> _Extracted entries_:
----

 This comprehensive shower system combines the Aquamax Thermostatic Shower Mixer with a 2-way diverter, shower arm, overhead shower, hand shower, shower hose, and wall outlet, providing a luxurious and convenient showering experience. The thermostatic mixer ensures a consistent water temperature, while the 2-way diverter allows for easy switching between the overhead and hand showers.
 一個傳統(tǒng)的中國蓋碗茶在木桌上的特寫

----

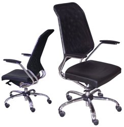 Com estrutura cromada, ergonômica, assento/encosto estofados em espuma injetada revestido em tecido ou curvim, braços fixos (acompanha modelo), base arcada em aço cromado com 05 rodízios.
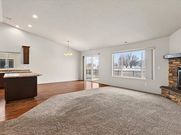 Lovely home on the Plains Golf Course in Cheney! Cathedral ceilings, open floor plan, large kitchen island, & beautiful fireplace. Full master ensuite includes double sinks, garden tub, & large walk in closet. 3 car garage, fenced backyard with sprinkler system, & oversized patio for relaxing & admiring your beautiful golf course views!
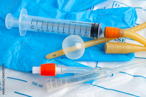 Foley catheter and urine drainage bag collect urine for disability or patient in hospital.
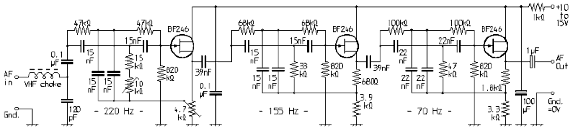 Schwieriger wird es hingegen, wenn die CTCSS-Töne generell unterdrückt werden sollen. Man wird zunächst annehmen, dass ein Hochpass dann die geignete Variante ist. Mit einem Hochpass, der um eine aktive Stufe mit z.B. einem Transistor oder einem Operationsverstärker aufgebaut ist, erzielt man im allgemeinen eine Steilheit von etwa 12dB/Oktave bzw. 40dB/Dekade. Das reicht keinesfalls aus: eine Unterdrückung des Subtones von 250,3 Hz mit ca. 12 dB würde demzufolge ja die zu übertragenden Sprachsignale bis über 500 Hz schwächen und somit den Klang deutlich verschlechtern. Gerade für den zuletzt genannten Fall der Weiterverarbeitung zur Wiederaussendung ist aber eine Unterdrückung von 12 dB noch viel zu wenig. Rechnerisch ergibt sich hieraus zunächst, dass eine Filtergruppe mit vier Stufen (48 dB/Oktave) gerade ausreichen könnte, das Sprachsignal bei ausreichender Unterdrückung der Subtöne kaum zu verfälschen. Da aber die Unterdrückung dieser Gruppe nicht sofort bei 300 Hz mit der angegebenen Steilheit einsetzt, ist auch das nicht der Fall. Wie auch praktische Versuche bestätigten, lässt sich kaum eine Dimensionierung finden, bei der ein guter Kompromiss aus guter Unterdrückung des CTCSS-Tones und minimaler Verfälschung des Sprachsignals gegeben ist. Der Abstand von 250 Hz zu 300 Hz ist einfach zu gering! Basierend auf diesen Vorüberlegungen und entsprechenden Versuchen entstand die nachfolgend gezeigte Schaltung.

----

> _Problem requirements_:
In the listing above, find the line containing "This comprehensive shower" and the line containing "一個傳統(tǒng)的中國蓋碗茶在木桌上的特寫". Output them and every line between, exactly, and nothing else.

> _Response_:
 This comprehensive shower system combines the Aquamax Thermostatic Shower Mixer with a 2-way diverter, shower arm, overhead shower, hand shower, shower hose, and wall outlet, providing a luxurious and convenient showering experience. The thermostatic mixer ensures a consistent water temperature, while the 2-way diverter allows for easy switching between the overhead and hand showers.
 一個傳統(tǒng)的中國蓋碗茶在木桌上的特寫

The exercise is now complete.